Similarly, if you installed in editable mode, you can run :code:`pip install -e ".[docs]"`.

Usage
----------------

If you have the embeddings and original data as individual arrays/tensor (see below for use with an `anndata` object),
you can use our general interface:

.. code-block:: python

   from velotest.hypothesis_testing import run_hypothesis_test

   uncorrected_p_values, h0_rejected, _, _, _ = run_hypothesis_test(high_d_position, high_d_velocity, low_d_position, low_d_velocity_position)

where low_d_velocity_position is the tip's position of the 2D velocity vector, NOT the velocity vector originating in low_d_position.


An application on single-cell sequencing data (runnable notebook: :code:`notebooks/demo.ipynb`) could look like this (following `scvelo's tutorial <https://scvelo.readthedocs.io/en/stable/VelocityBasics.html>`_):

.. code-block:: python

   from velotest.hypothesis_testing import run_hypothesis_test_on
   import scvelo

   adata = scvelo.datasets.pancreas()
   scvelo.pp.filter_and_normalize(adata, min_shared_counts=20, n_top_genes=2000)
   scvelo.pp.moments(adata, n_pcs=30, n_neighbors=30)

   # Compute velocity
   scvelo.tl.velocity(adata)

   # Compute 2D embedding of velocity vectors
   scvelo.tl.velocity_graph(adata)
   scvelo.pl.velocity_embedding(adata)

   # Run test
   uncorrected_p_values, h0_rejected, _ = run_hypothesis_test_on(adata)


For plotting, you can use the :code:`plotting` module.
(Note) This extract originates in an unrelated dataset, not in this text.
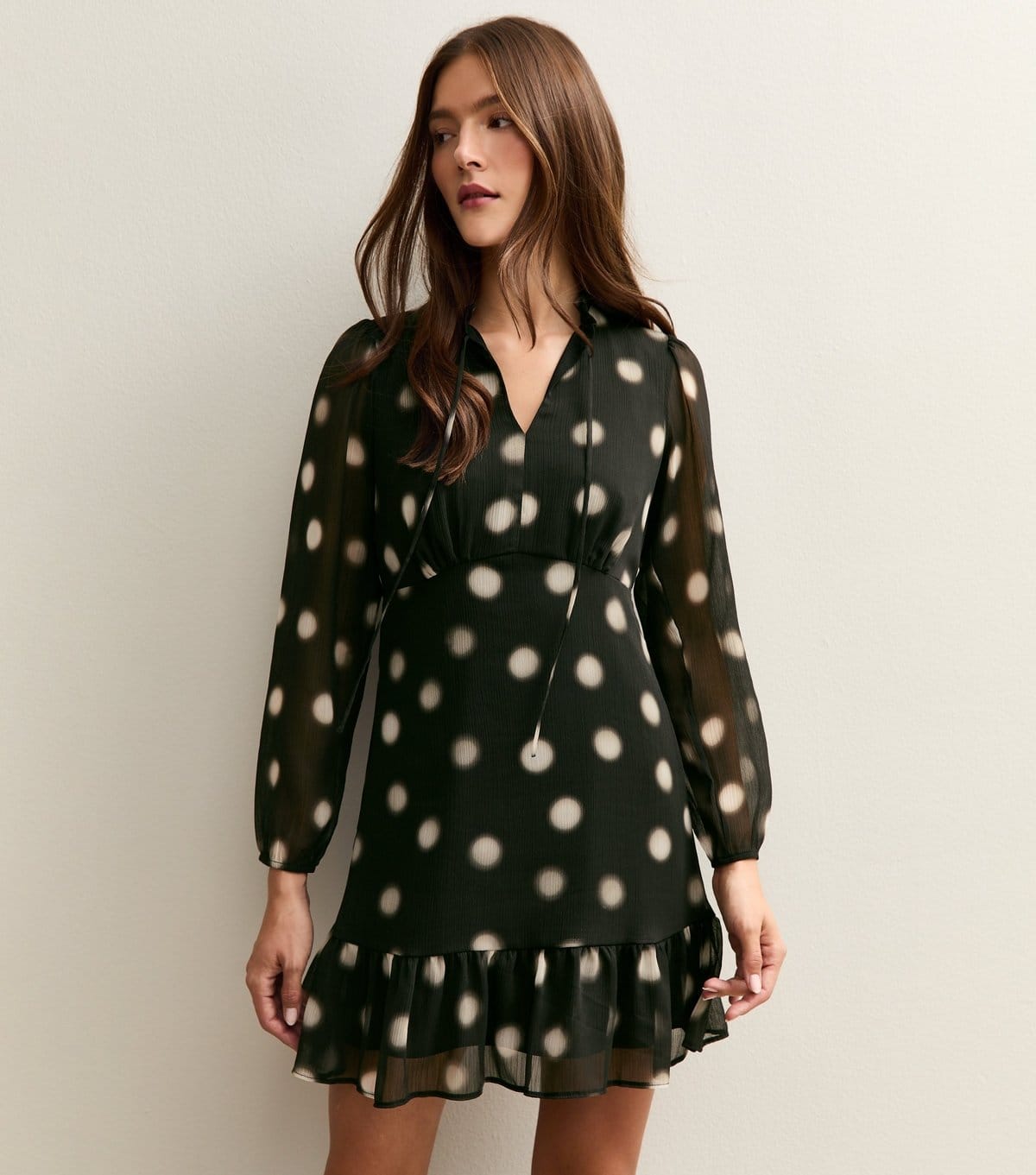 The New Look Black Polka Dot Chiffon Mini Dress is made from chiffon.

Have a look at :code:`notebooks/demo.ipynb` for an example.
Refer to `Read the Docs <https://velocity-hypothesis-test.readthedocs.io/en/latest/>`_ for a more detailed API documentation.


Details
--------------------
Next, we will briefly summarize how the test works, for details see our paper.
The tests tries to assess how well the 2D velocity vectors represent the high-dimensional velocity vectors.
We quantify this by computing the mean cosine similarity between the high-dimensional velocity vector and
the difference vectors to a set of neighbors in the high-dimensional space.
For a data point :math:`i`, we use the mean cosine similarity between the velocity :math:`v_i` and
the difference vector :math:`x_j-x_i` for all :math:`x_j` in a set of neighbors of :math:`\tilde{x}_i` as the test statistic.
This set of neighbors is chosen based on the points the velocity :math:`\tilde{v}_i` points to in 2D.
:math:`\tilde{v}_i` and :math:`\tilde{x}_i` are the 2D embeddings of :math:`v_i` and :math:`x_i`, respectively.

The null hypothesis is that the visualised 2D velocity vector is no more aligned with the high-dimensional velocity
than a visually distinct random 2D direction.
It is rejected if the number of random neighborhoods with a higher statistic as the statistic
from the velocity-based neighborhood exceeds the level we would expect for a certain significance level.

It was originally developed for the analysis of single cell RNA sequencing data,
but can be applied to any application with positional and velocity data.

Reproducing plots from paper
------------------------------
Make sure that you have the :code:`experiment` extra installed (see Installation section above).

Then, you can reproduce all figures by simply running :code:`make_all_figures.py` in the :code:`experiments` folder:

.. code-block:: bash

   cd experiments
   python make_all_figures.py --multirun=dataset=pancreas_stochastic,pancreas_dynamical,dentateyrus,bonemarrow,covid,gastrulation_erythroid,nystroem,developing_mouse_brain,organogenesis,veloviz

This will create a :code:`fig` folder in the :code:`experiments` folder with all figures based on the configuration in :code:`configs/`.
This uses hydra to manage the configurations, so you can also modify individual configurations using the command line
with :code:`python make_all_figures.py dataset=pancreas_stochastic dataset.number_neighbors_to_sample_from=300`.